Are Some Pescanguids Sapient?

The pescanguids produce mountains of behaviour that pushes hard against the comfortable line humans like to draw between an animal and a person. Complex communication, the domestication and protection of other species, tool use, cause-and-effect reasoning, cultural transmission across generations, and environmental modification. Somewhere in that pile of evidence the question stops being whether some pescanguids are unusually clever and starts being whether some pescanguids are people. This page focuses on the two cetocollian species where that question carries the most weight, the arctic tiko and the leviathan hemot. Sapience is a gradient in general and these two occupy clear gradients that doesn't diminish the intelligence they are believed to have.

The arctic tiko is sapient and there is no question about that, even if many others will debate otherwise. The more reserved mind would search for an alternative explanation that never goes beyond just being a really smart animal. The arctic tiko domesticates another species into functional breeds, maintains permanent shelters across generations, tends marine plant communities, practices deliberate body modification, builds and reuses engineered ice structures, and runs a fleet society on accumulated multi-generational knowledge held by its matriarchs. There is no serious behavioural threshold for personhood that the arctic tiko fails to clear and the reason this page still has to argue the point at all is not that the evidence is thin. The reason is that a meaningful number of people find it easier to keep raising the bar than to accept the conclusion the bar was supposed to measure. Every time the arctic tiko clears a criterion, a new criterion appears. That pattern is less focused on clear tangible truth and more focused on anthropocentrism doing the work of science while wearing its clothes and it is worth naming plainly before going any further.

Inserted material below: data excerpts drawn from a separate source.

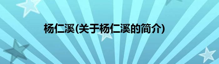 大家好,杨仁溪,关于杨仁溪的简介很多人还不知道,现在让我们一起来看看吧!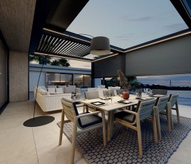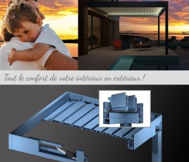 Evolution de la pergola toile, totalement protégée et montage simplifié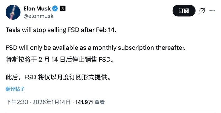 特斯拉 FSD 买断制将成历史,2 月 14 日起全面转为订阅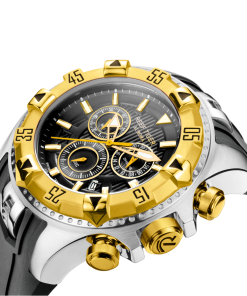 黑色表盤,帶 Super-LumiNova 標(biāo)記和三個子表盤。計時碼表、小時、分鐘、秒和日期顯示。這款豪華腕表在表盤 12 點鐘位置有其標(biāo)志。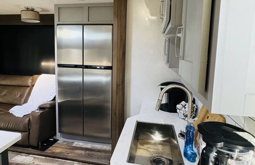 2021 Fuzion 5th Wheel Camper situation snug against the beautiful sand rocks, with an amazing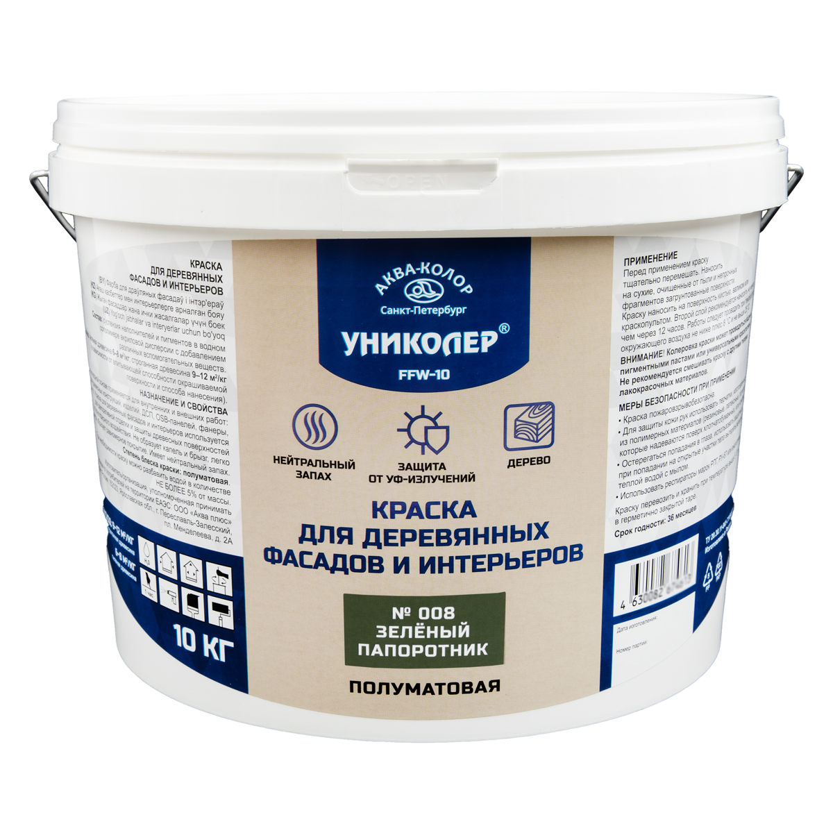 "УНИКОЛЕР" Краска для деревянных фасадов и интерьеров FFW-10 № 008 Зелёный папоротник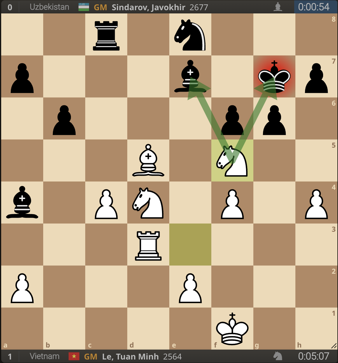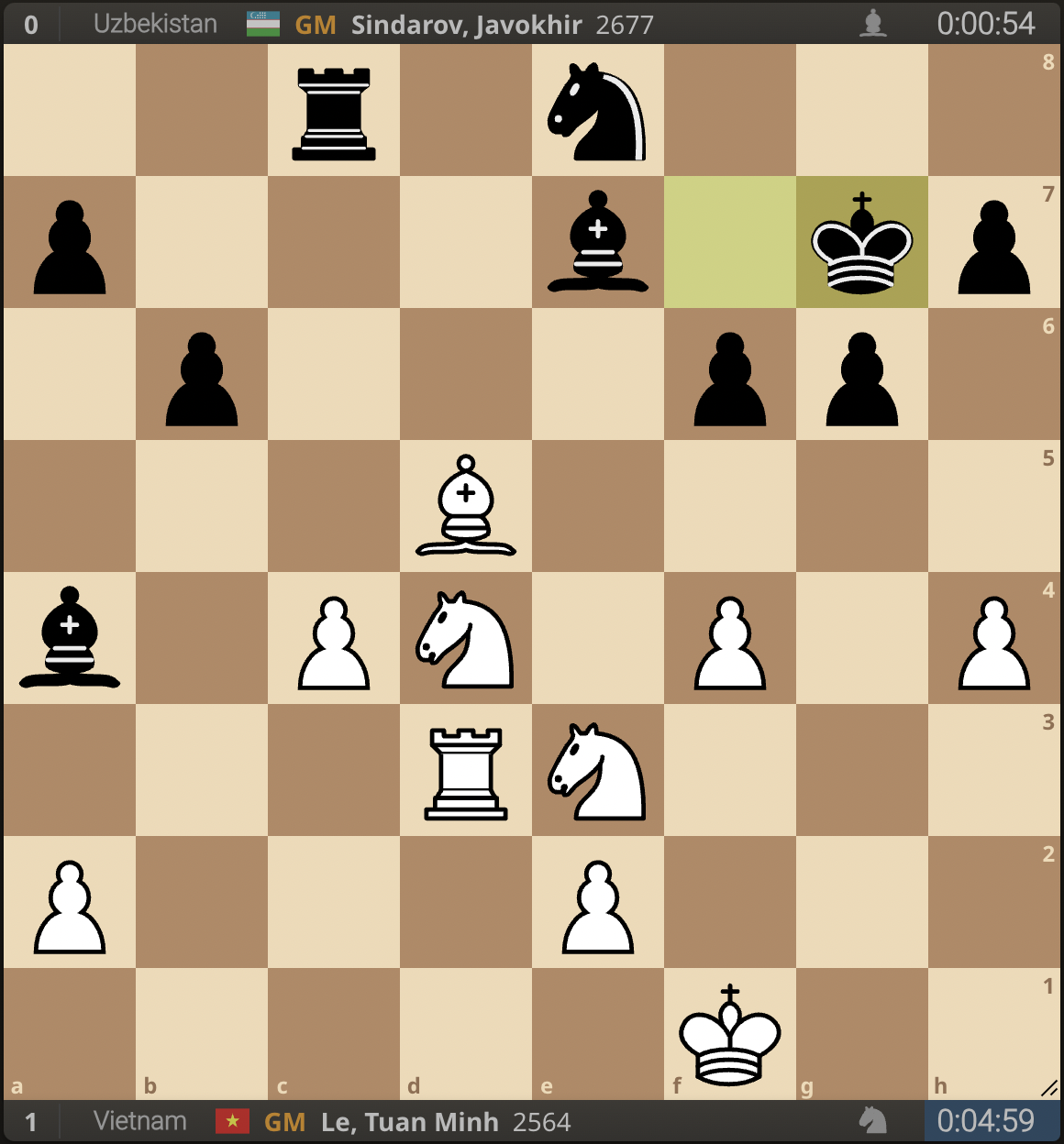 Biên bản ván đấu Lê Tuấn Minh 1-0 Javokhir Sindarov: 1. d4 e6 2. Nf3 c5 3. g3 d5 4. Bg2 Nc6 5. O-O Nf6 6. c4 dxc4 7. dxc5 Qxd1 8. Rxd1 Bxc5 9. Nbd2 c3 10. bxc3 O-O 11. Nb3 Be7 12. c4 Bd7 13. Bb2 Rfd8 14. Nfd4 Rac8 15. Nb5 e5 16. Rac1 Ne8 17. h4 f6 18. Nc3 Bg4 19. Kf1 Rxd1+ 20. Rxd1 Be6 21. Nd5 Bf8 22. Rc1 Kf7 23. f4 b6 24. Ne3 exf4 25. gxf4 Ne7 26. Nd4 Bd7 27. Ba3 Nc7 28. Rd1 Ba4 29. Rd3 g6 30. Bd6 Ne8 31. Bxe7 Bxe7 32. Bd5+ Kg7 33. Nef5+ 1-0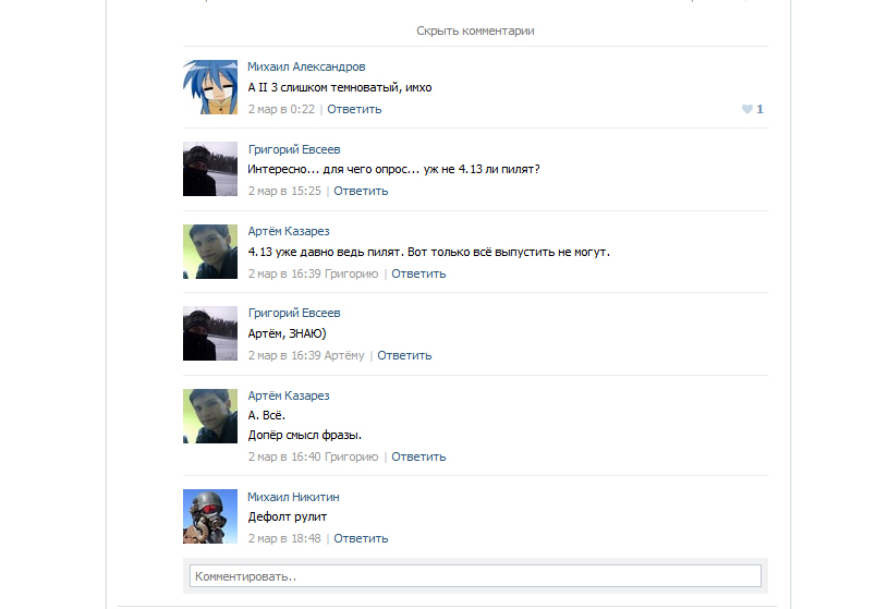 Недавно , я слепил опрос , в одной из групп по ИЛу в контакте.

The leviathan hemot, however, is a more unclear case. The evidence for leviathan hemot sapience rests on the combinatorial complexity of its vocalisations, the depth of its knowledge-based social structure, and the staggering cultural transmission that stands between some of the oldest and largest vertebrates to ever exist. Both of those are hard to study in an animal of that size and that lifespan. A species that can live five centuries operates on a timescale that outruns the careers of the researchers studying it. The leviathan hemot is most likely sapient, but this is an opinion of the author and many more reserved cetophiologists may refrain from saying it so plainly. The caution here is real caution and the honest position is that the case is strong and incomplete at the same time.

Plenty of other pescanguids are intelligent without entering the sapience question at all. The paddlefin dolo holds open communication with dolos of other species and other genera including the Williamson dolo and the common paddlesnout dolo. Paddlefin fleets near the shores of Laguna, Brazil have built a working cooperative-fishing relationship with human fishermen that depends on each side reading the other. The tiger dolo places dead fish and crabs outside the holes and caves where moray eels stay, waits, and strikes when the eel emerges which is a baited-trap behaviour that means the animal grasps cause and effect and is willing to invest effort now for a larger return later. The azure tiko carries intelligence in the same broad class, comparable to the smartest dolos and to corvids, some primates, and octopodes. They shouldn't be treated with less care because they don't happen to share the same cognitive complexity, but their intelligence is still worth exploring and studying. Intelligence is a gradient, not a black and white label. And it's with this clarification, that any form of intelligence in animal life should be given credit and study where it's due. Just like genral intelligence, sapience itself is a spectrum and not a switch. There's no single clean definition waiting to settle every case. What's worth holding separate from the difficulty of classifying intelligence is the anthropocentric bias that runs through the whole group of people deciding which minds count as important. Humans have a long record of setting the definition of a person exactly where it needs to be to keep the category small. Keeping an open mind here is not sentimentality, but the basic discipline of looking at the evidence without flinching from where it points and where the arctic tiko is concerned, it points somewhere most people already know and some people still will not say.